The user client 2 may further include the above-mentioned communications unit 28 and may use the communications unit 28 to interrogate IoT devices local to the user device. This interrogation may serve, for example, to locate IoT devices capable of providing information regarding the user's current context (e.g. the environment in which the user device is currently located). The user client 2 may simply determine which IoT devices are potential sources of context information, and notify the server apparatus 3 of the identity of the relevant potential sources, or the user client may be configured to itself obtain context data from the relevant IoT devices and then to forward the acquired context information to the server apparatus 3.

The user-context determination unit 34 may be configured to acquire user-context data from potential sources identified by the user client 2. Typically, the user-context determination unit 34 may be configured to interrogate an IoT-object platform to retrieve information, indicative of at least one aspect of the user context, generated by the potential sources which have been notified to it by the user client 2.
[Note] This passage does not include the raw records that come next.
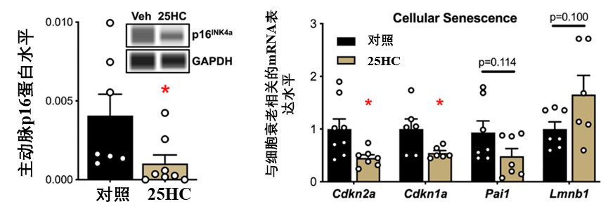 首先,25-HC能減少血管中衰老細胞的關鍵標誌物——p16INK4a蛋白的水平(約75%)。還沒完,再來個“一箭多雕”:多個與細胞衰老相關基因(Cdkn2a、Cdkn1a、Pai1)的表達水平降低以及Lmnb1的上調(其表達下調通常與衰老相關)。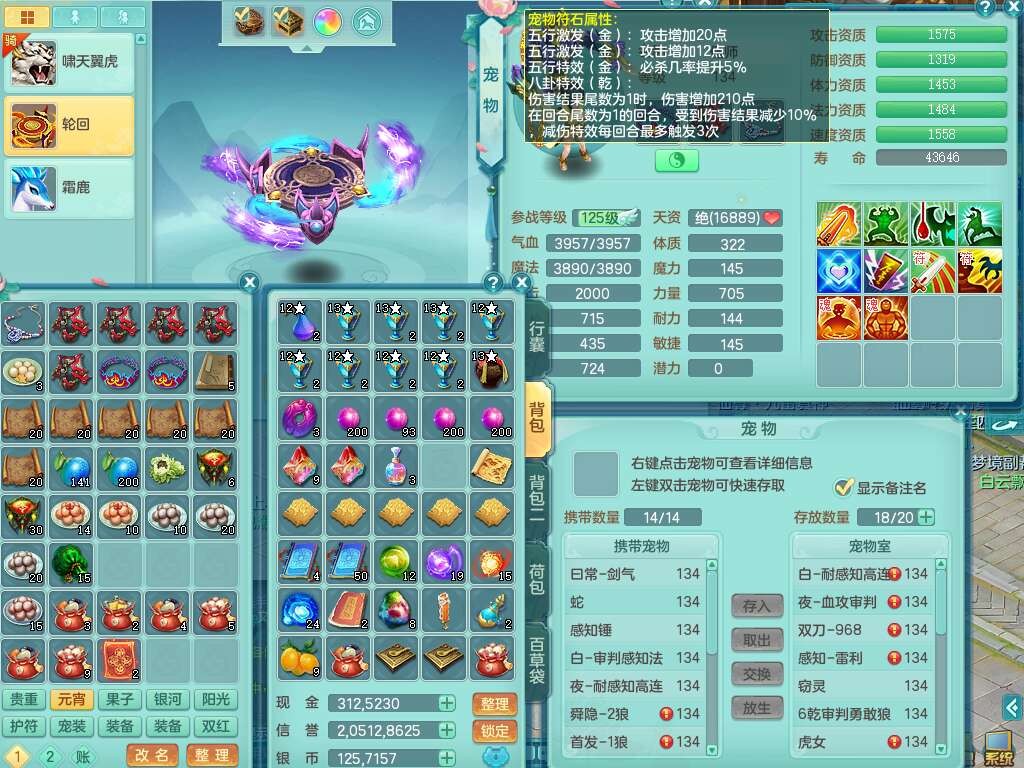 K22337花好月圆129男普陀,精灵舞,1灵2内胆神(1蛇),6觉醒,易成长四海单加衣服,易成长笑里链子,愤怒刺甲咒单加45腰带,六特,4.0基础鼎+56攻,2个纯六字,12只满果子,宠排在榜,双人坐骑。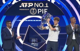 11月12日讯 在周一晚间的ATP都灵年终总决赛上,辛纳领取ATP年终世界排名第一的奖杯,这位意大利...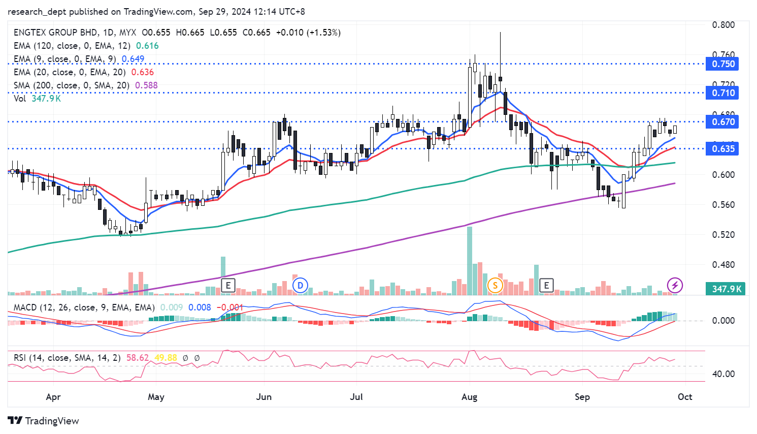 Price staged a correction and bounced off SMA200 recently. A swift recovery took place and the uptrend formation was established. Price subsequently turned into a short term consolidation and traders may anticipate for a potential breakout above R M0.67 t o target the next resistances located at RM0.7 1-0.7 5. Downside wise, support is envisaged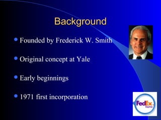 FedEx was founded in 1971 by Frederick W. Smith with its first day of operations on April 17, 1973 delivering 186 packages to 25 cities. It has since expanded globally to over 210 countries with 185,000+ employees and annual revenue of $22.5 billion in 2003. FedEx operates several subsidiaries including FedEx Express, FedEx Ground, FedEx Freight, and FedEx Custom Critical. It has achieved many milestones in its growth and now aims to operate independently while competing collectively.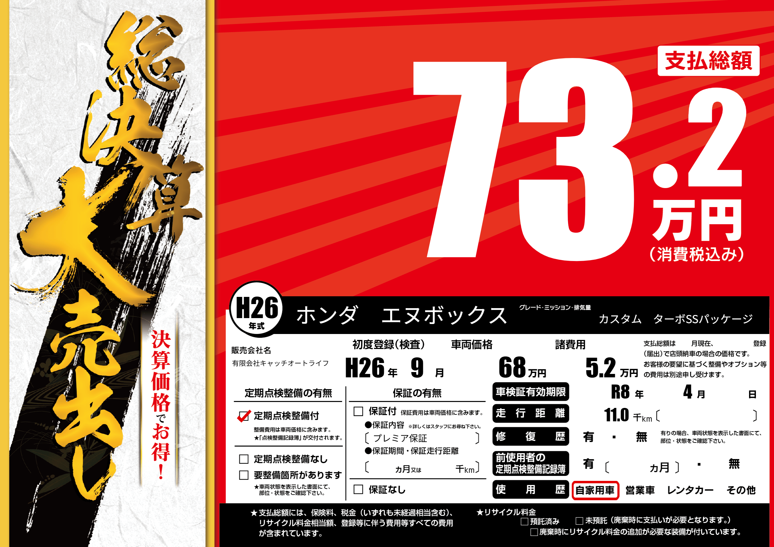 | 車名 | ホンダ エヌボックス | グレード ミッション 排気量 |

The user-context determination unit 34 may be configured to acquire data indicative of the user device's current location, for example GPS data generated by a GPS sensor in the user device and transmitted to the server apparatus 3. The user-context determination unit 34 may be configured to contact sources of information to find about the context applicable at this location, e.g. sources of (current, forecast and/or historic) environmental data, sources of directory information regarding devices, businesses, service-providers, points of interest and so on at or near the location. These sources may be external third-party resources (contactable by any convenient means, e.g. over a communications network), or IoT objects (contactable either directly by the server apparatus 3 or via an IoT-object platform).

The user-context determination unit 34 may combine data obtained from any desired combination of sources to generate a definition of the “current” user context, or the user context at some target time. Among others, these sources may be a user profile stored in a database of the network (possibly storing information about user's habits) or information from a social network (for instance hot trends from twitter).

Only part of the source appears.